CINCINATTI, Oh. - Governor Matt Bevin is once again raising eyebrows over comments made on a conservative talk radio show.

While speaking on Cincinnati radio station 55 KRC, Bevin told host Brian Thomas, teachers are only interested in protesting when school is session.

“It’s interesting though that these people seem to most enjoy doing this, stopping work, when they get paid anyway but when they are not getting paid to stop work,” Bevin told Thomas. “It is remarkable nobody seems to be that interested, they don’t care quite as much.”

Bevin is referring to sick outs during the 2019 General Assembly session that saw more than 1,000 teachers pack the capitol in protest to several education related bills. The mass call-ins caused several school districts to close for several days.

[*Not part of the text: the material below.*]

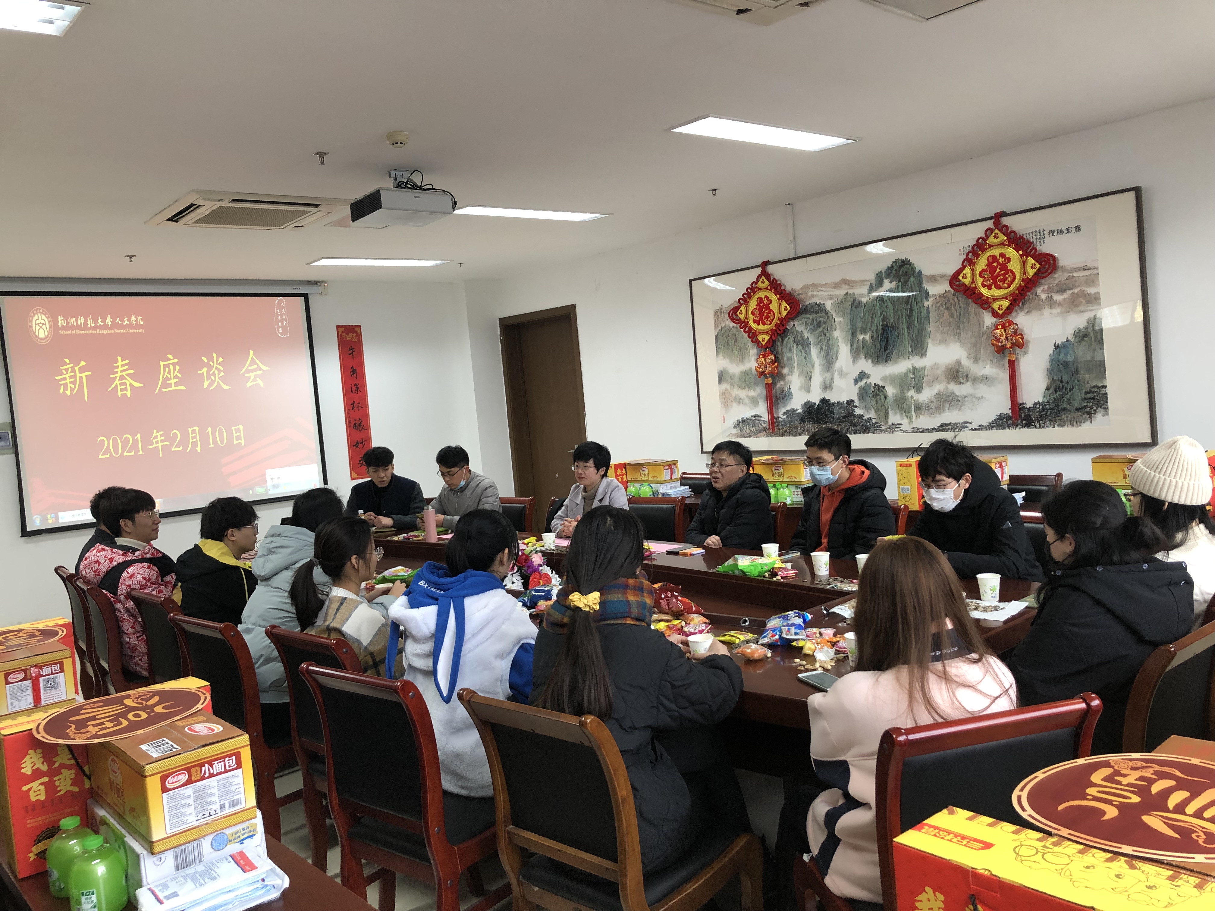 为庆祝新春佳节的到来,2月10日下午14:30分,我院在23-312举办新春座谈会。院长洪治纲,党委书记诸英,教师代表彭秋溪、李佳贤,辅导员孔祥亮、陈晓玲、刘华章以及学院全体留校师生参与了本次大会。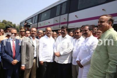 Photo Caption : Union Minister Ananth Kumar with Minister KJ George, MP P C Mohan, BMRCL M D Mahdendra Jain and others during handing over of the intermediate car units to BMRCL by BEML at BEML premises, in Bengaluru on Wednesday 14th February 2018

Jefferson County Public Schools saw the largest number of days missed due to teacher call-ins with students missing six days of class.

“This same bill came forward again this summer when nobody was in school and nobody showed up,” he said. “When it’s vacation time people are a little less worked up it seems.”

Bevin indicates teachers were protesting a bill reforming the troubled pension system for qausi-governmental agencies and regional universities, while many teachers were keeping a close watch on that legislation, there were also several other bills, including a school choice bill they were there for. The scope of the call for the special session in July was limited, so any changes to Teachers Retirement System could not be included in the final legislation.

The Kentucky Education Association is responding to the governor's comments slamming him for suggesting they were protesting the pension bill. 

"Based on his comments, we can only assume that Governor Bevin didn’t understand the pension legislation he and his staff wrote and dictated in detail to the General Assembly during the recent Special Session," KEA Communications Director David Patterson said in a statement. "Anyone who is familiar with that legislation knows that it was not the same bill educators protested a few months ago.  Educators protest to influence governmental action that affects public schools and public school students, not to get out of work that they love and believe in.  For the Governor to suggest otherwise is, unfortunately, typical."

The Jefferson County Teachers Association is also responding the comments made the governor saying he is "completely dead wrong" on two points. President Brent McKim said the issues teachers protested during the legislative session dealt with students and educators in K-12 public schools while the legislation during the special session "had nothing to do with either K-12 students or their  teachers." 

"Teachers had to make up the days when schools were closed during the legislative session, so they did not get paid to be in Frankfort those days," McKim went on to say in a statement. "It very troubling that Governor Bevin would not understand even these very simple facts about the situation.  And that’s particularly disturbing given that in his role as governor it’s his responsibility to understand these issues so that he can govern."

The Labor Cabinet ruled on Friday that more than 1,000 teachers broke labor law when they called-in sick to protest at the capitol, but did not fine them. Bevin says the warning issued by Labor Secretary David Dickerson was a “teachable” moment.

“These people could have each been fined up to $1,000 per day, and the state realized this was teaching opportunity, the cabinet secretary and the investigators decided ‘listen, we’ll show some grace in this instance,” Bevin said.  “We’ll use this as teachable moment and make it clear that this is a violation and if it were to happen again people could be held into account and it’s not going to tolerated again.”